辺りを見回してみると誰もいない。どういうことだ?
「な……!」
俺の目の前に女の子が倒れていた。ミラーナだった。
「ミラーナ!」
「グレ……イス様」
「どうしてお前が」
「グレイス様が……私を助けたあの時、神様っているんだな……と思えたのです」
「…………」
「グレ……イス様……今まで……ありがとう……ございました」
「もういい。喋るな! 今助けるから!」
俺はミラーナを抱きかかえて、連れ帰った。
――。
「お帰り、グレイスお兄ちゃん。

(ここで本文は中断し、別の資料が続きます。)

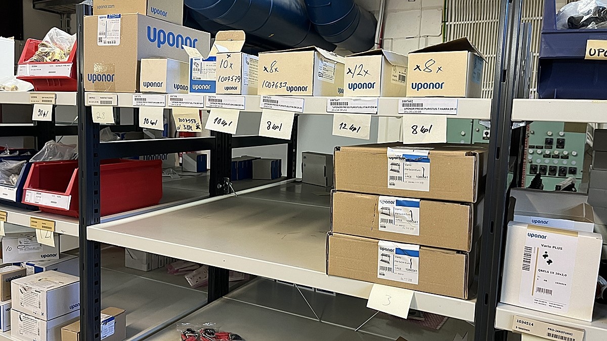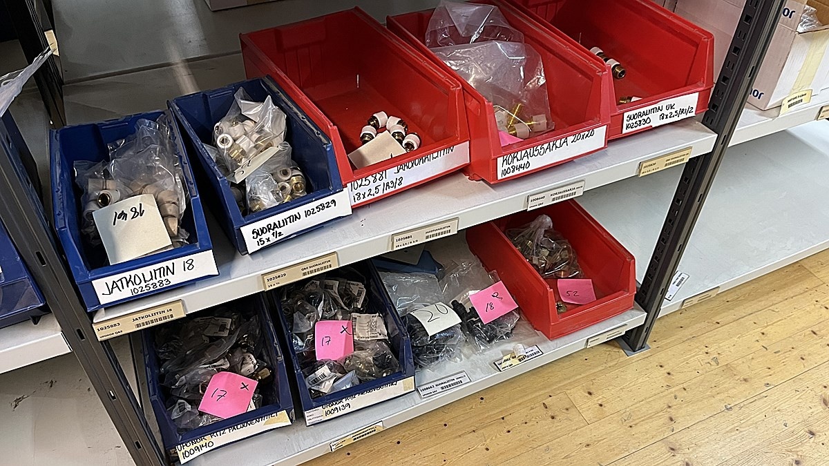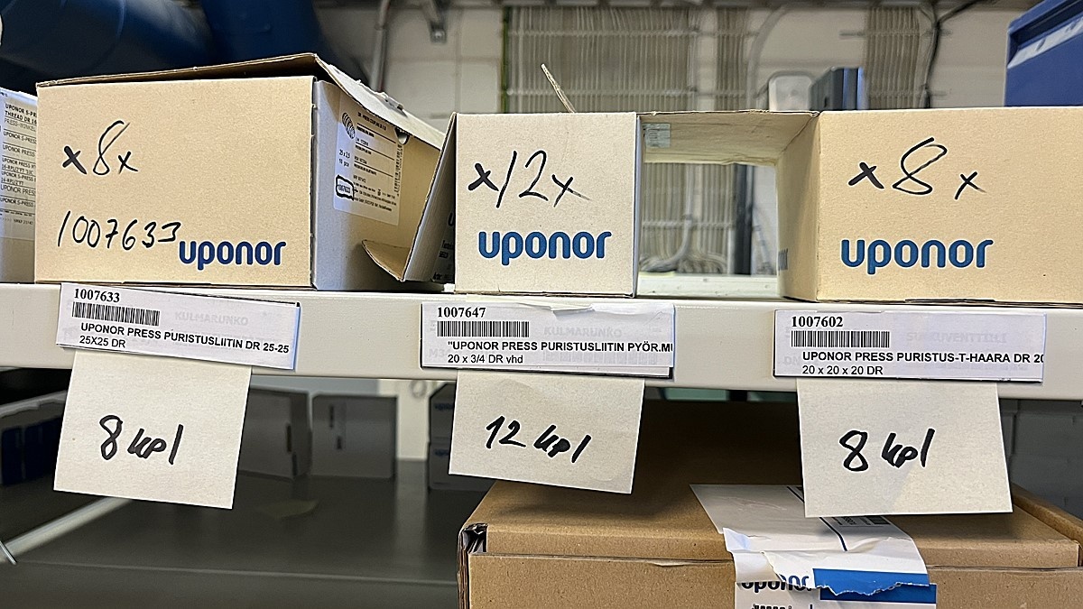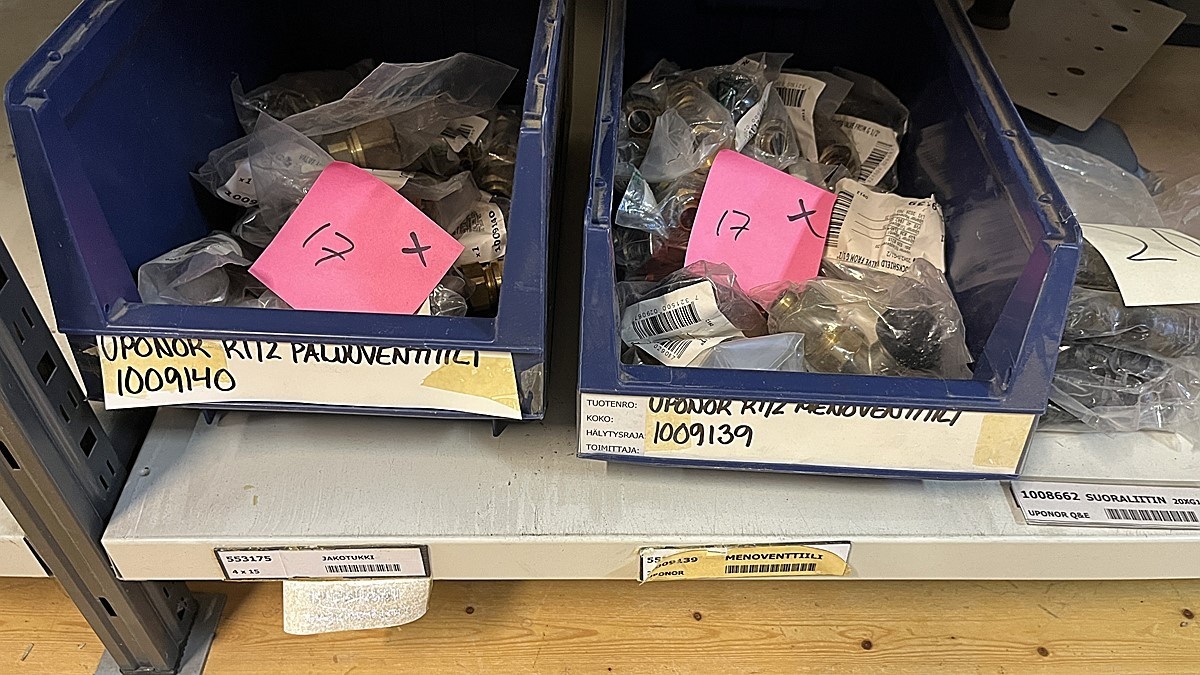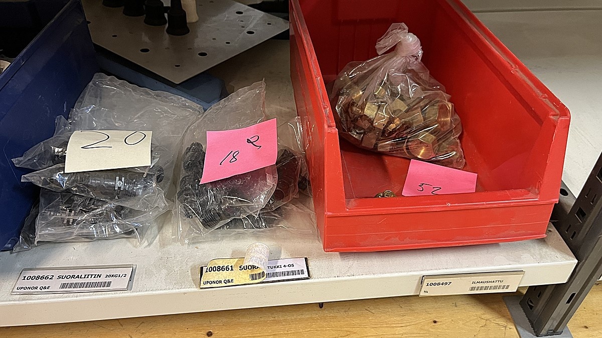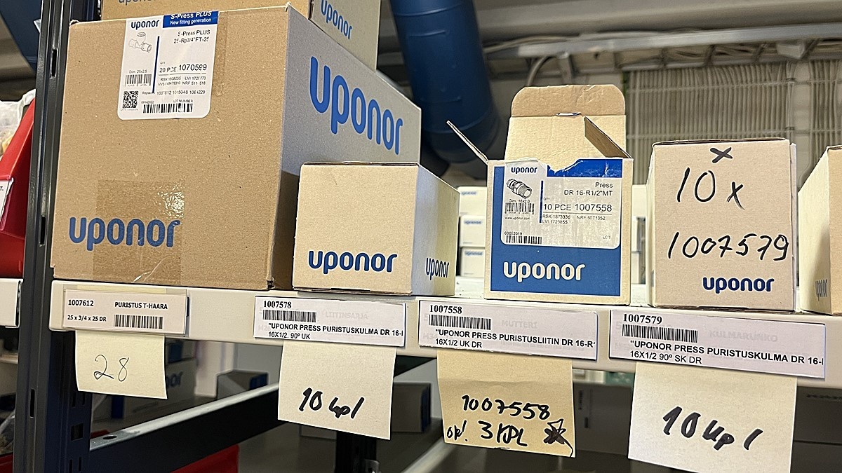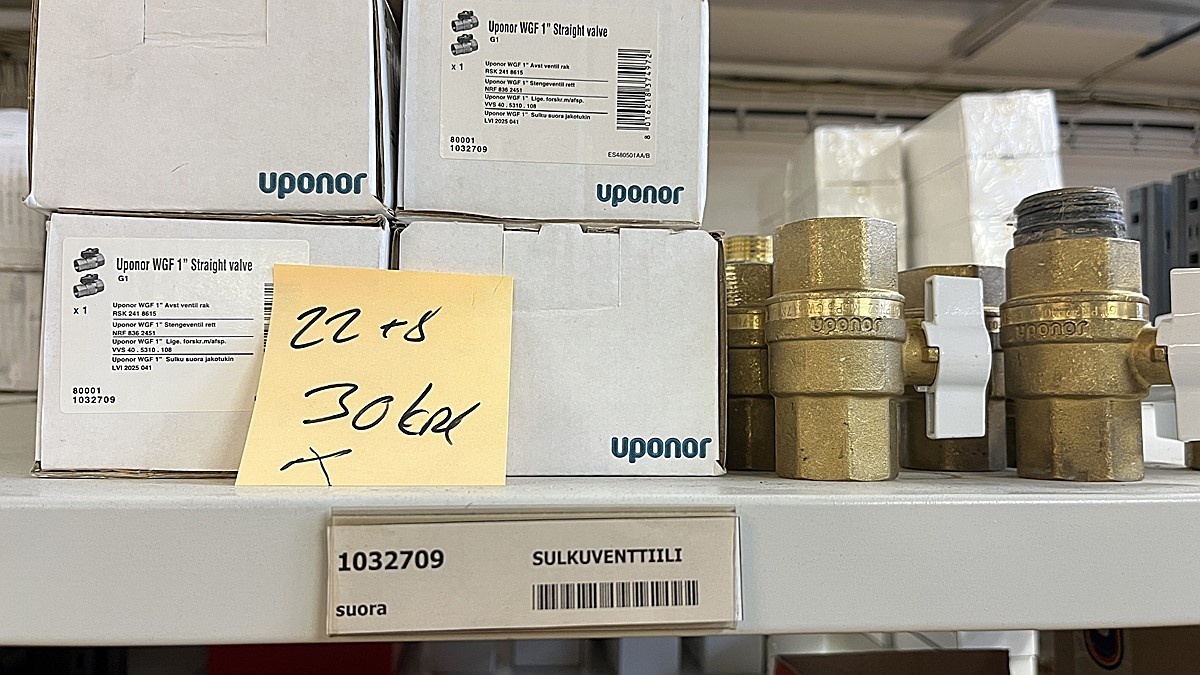 Myyntikohteet » 3. Jakotec Oy:n konkurssipesä (2031649-1), ÄÄNEKOSKI, 08.11.2025 » 40. Puristusliittimet, venttiilit, jakotukit Uponor (4 hyllyväliä)

ミラーナお姉ちゃん……?」
「アリサ!」
俺は子供たちを無視して、アリサのほうへ向かった。
「…………」
「お前のラタルタの預言でミラーナを救ってくれ! 俺はどうすればいい?」
「無理ね」
「なぜ!」
「貴方を守るのが彼女の役目だった。それだけよ」
「な!……」
そんなの理解出来るわけがない。
「なあ、アリサ。神様はいるんだよな?」
「ええ」
「じゃあさ、俺の命に代えてミラーナを助けるのはどうだ? な? な!?」
「無理よ」
「なぜだ!? 神様がいるんだったら」
「貴方には役目がある。彼女は役目が終った。それが事実よ」
「お前って前前から思ってるけど、残酷だよな」
「いくらでも言ってくれていいわ」
「もういい! ミラーナ。今助けるからな待っててくれ!」
――。
「お前って残酷だよな」
もう、どれだけそんな言葉を聞かされることだろう。
グレイス。彼も定めを受け入れられない。昔の私と一緒ね。
今の私は全てを受け入れてる。だけど、
「ねえ、ラタルタ。私たちって正しいのかしら?」
――。
俺はいろんな病院を渡った。しかし、
「お金ならいくらでも払います。だから!」
「残念ですが、もう助かりません」
「そんな」
どの病院でも受け入れ拒否。
「ミラーナ」
奇跡なんて無い。希望なんて無い。そうだろ? 神様…………。
――。
「グレイス兄ちゃん……お願いだから食べて」
何も口に入らなかった。無理やり入れようとしたら、吐いた。次第に俺はやせ細っていった。このまま俺は死ぬのだろうな。
「グレイス様」
……どこだ? ここは?
見慣れない風景。どこか美しかった。
目の前には……。
「ミラーナ! ミラーナ!!」
「グレイス様!」
俺たちは抱き合った。感動の再会だ。
「グレイス様に会わせたい人がいます」
「俺に会わせたい人?」
しばらく、歩くと目の前には教会があった。
教会の庭で子供たちが遊んでいる。
「お帰り、ミラーナ」
「ただいま、ラタルタ様」
ラタルタって……。
「あのターデ教司祭の?」
「ああ、そうだとも」
「…………」
「グレイス」
「はい」
「君は生きなければならない」
「………………なぜ!?」
俺はありったけの想いをぶちまけた。
「俺は今まで頑張ってきた。神がいないから、俺がこの世界を何とかしようって!」「なのに、世界はそんな俺を嘲笑うかのように進む」「ミラーナの死だって!」
俺は泣いた。ミラーナが俺を心配そうに覗き込む。
「そんな君だからこそ神は選んだのだろうな」
「え?」
「グレイス。君には役目がある。神から与えられた役目だ」
「…………」
「君はその役目が終わるまで死ぬことは許されないだろうな」
「ラタルタ様」
「何だね?」
「神はいるのでしょうか?」
「いるとも」
「奇跡あるのでしょうか? 希望はあるのでしょうか?」
「ああ、あるとも」
俺は決意を固めることとなった。
――。
「アリサ、行ってくる」」
「行ってらっしゃい」
あれからと言うもの、俺は自分の役目を達成することを目標にして生きてる。あの体験を通して、神様がいることを俺は知った。ミラーナとはしばらく会えないが、いつか俺が役目を終えてこの世を去った時、俺たちはずっと一緒にいられる。その時が楽しみだ。それまで俺は頑張るのみだ。
ミラーナ。いつか会うその日まで……。